━━━━━ Data segment

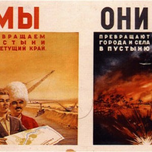 Soviet anti-imperialistic and anti-American poster. Captions read, "Мы превращаем пустыни в цветущий край. Они превращают города и села в в пустыню / My prevrashchaem pustyni v tsvetushchii krai. Oni pervrashchaiut goroda i sela v pustyniu", meaning, "We turn the desert into the flourishing land. They turn towns and villages into desert". [Description English/roman)]
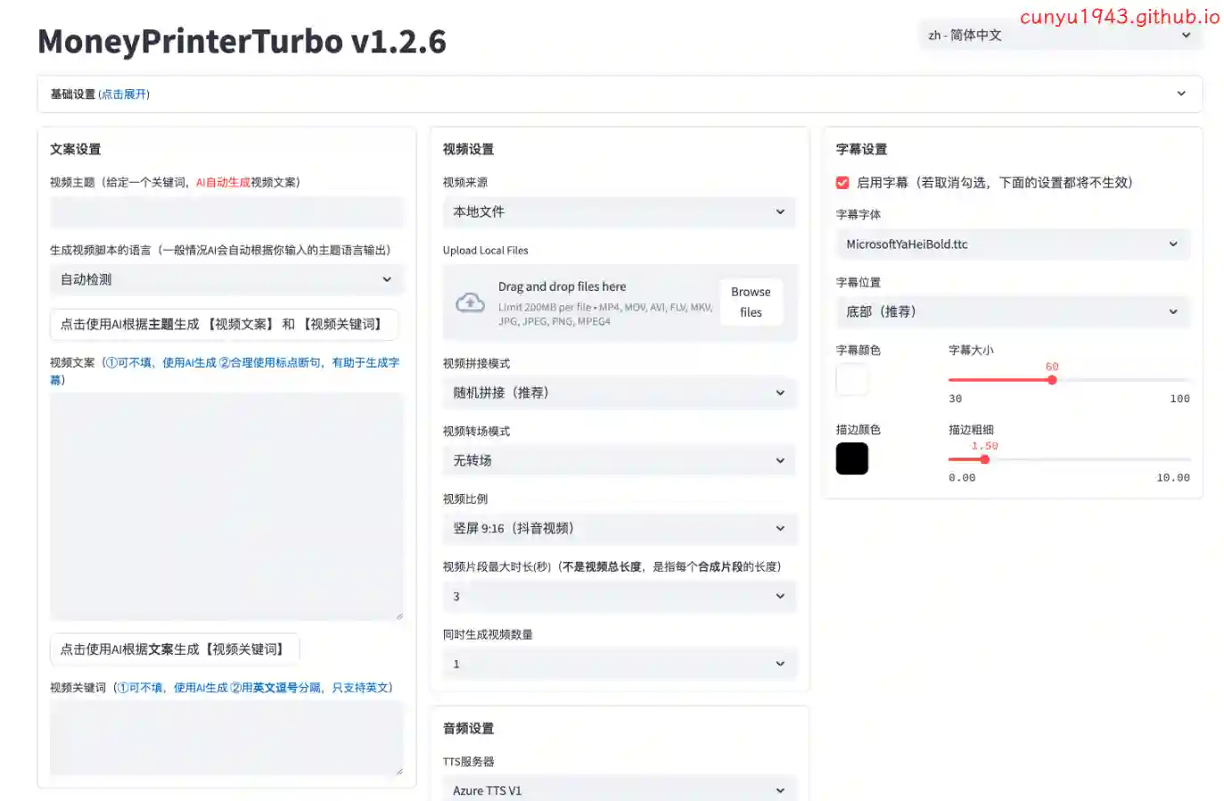 只需提供一个视频主题或关键词 ,就可以全自动生成视频文案、视频素材、视频字幕、视频背景音乐,然后合成一个高清的短视频。
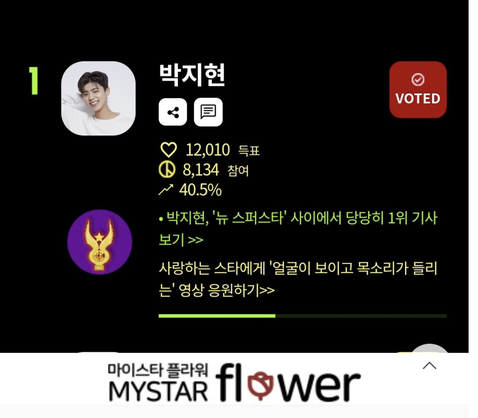 앞으로 남은 기간동안 1위를 굳건히 지켜 박지현님의 수상으로 이어지길 바랍니다
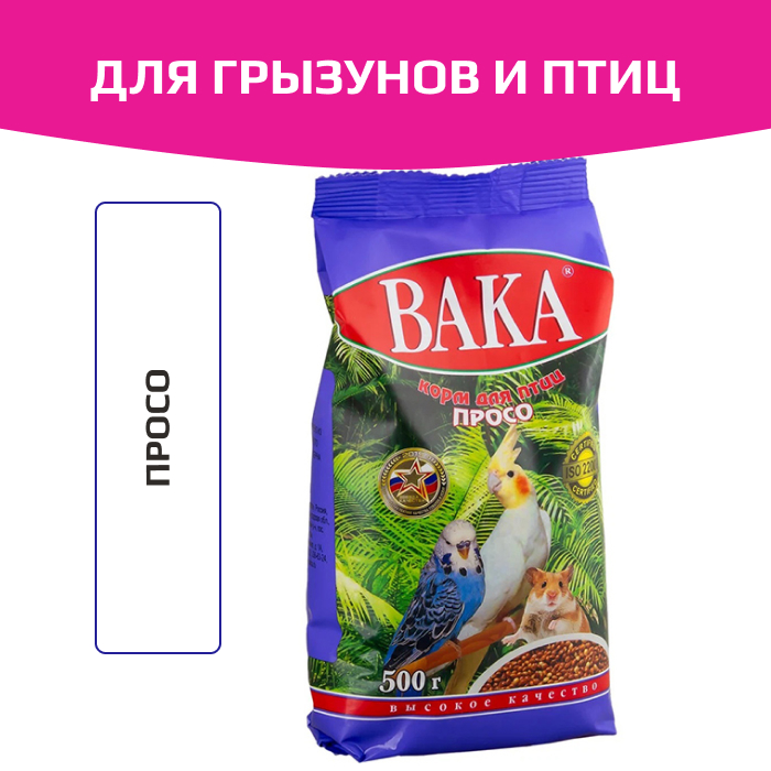 Корм Вака Просо для всех растительноядных птиц: попугаев, амадин, канареек, щеглов, снегирей и других видов декоративных птиц, а также мелких грызунов. Просо - жизненно необходимый компонент для всех попугаев, амадин и грызунов. Является незаменимым компонентом во всех зерновых смесях. Просо - жизненно необходимый компонент для всех попугаев и амадин. Богато витаминами и аминокислотами.

━━━━━━━━━━

Work order: The lines running from the beginning of the listing above through the line that holds "앞으로 남은 기간동안 1위를 굳건히 지켜 박지현님의 수상으로 이어지길 바랍니다" are to be duplicated exactly, both ends kept, pictures omitted.

Output:
 Soviet anti-imperialistic and anti-American poster. Captions read, "Мы превращаем пустыни в цветущий край. Они превращают города и села в в пустыню / My prevrashchaem pustyni v tsvetushchii krai. Oni pervrashchaiut goroda i sela v pustyniu", meaning, "We turn the desert into the flourishing land. They turn towns and villages into desert". [Description English/roman)]
 只需提供一个视频主题或关键词 ,就可以全自动生成视频文案、视频素材、视频字幕、视频背景音乐,然后合成一个高清的短视频。
 앞으로 남은 기간동안 1위를 굳건히 지켜 박지현님의 수상으로 이어지길 바랍니다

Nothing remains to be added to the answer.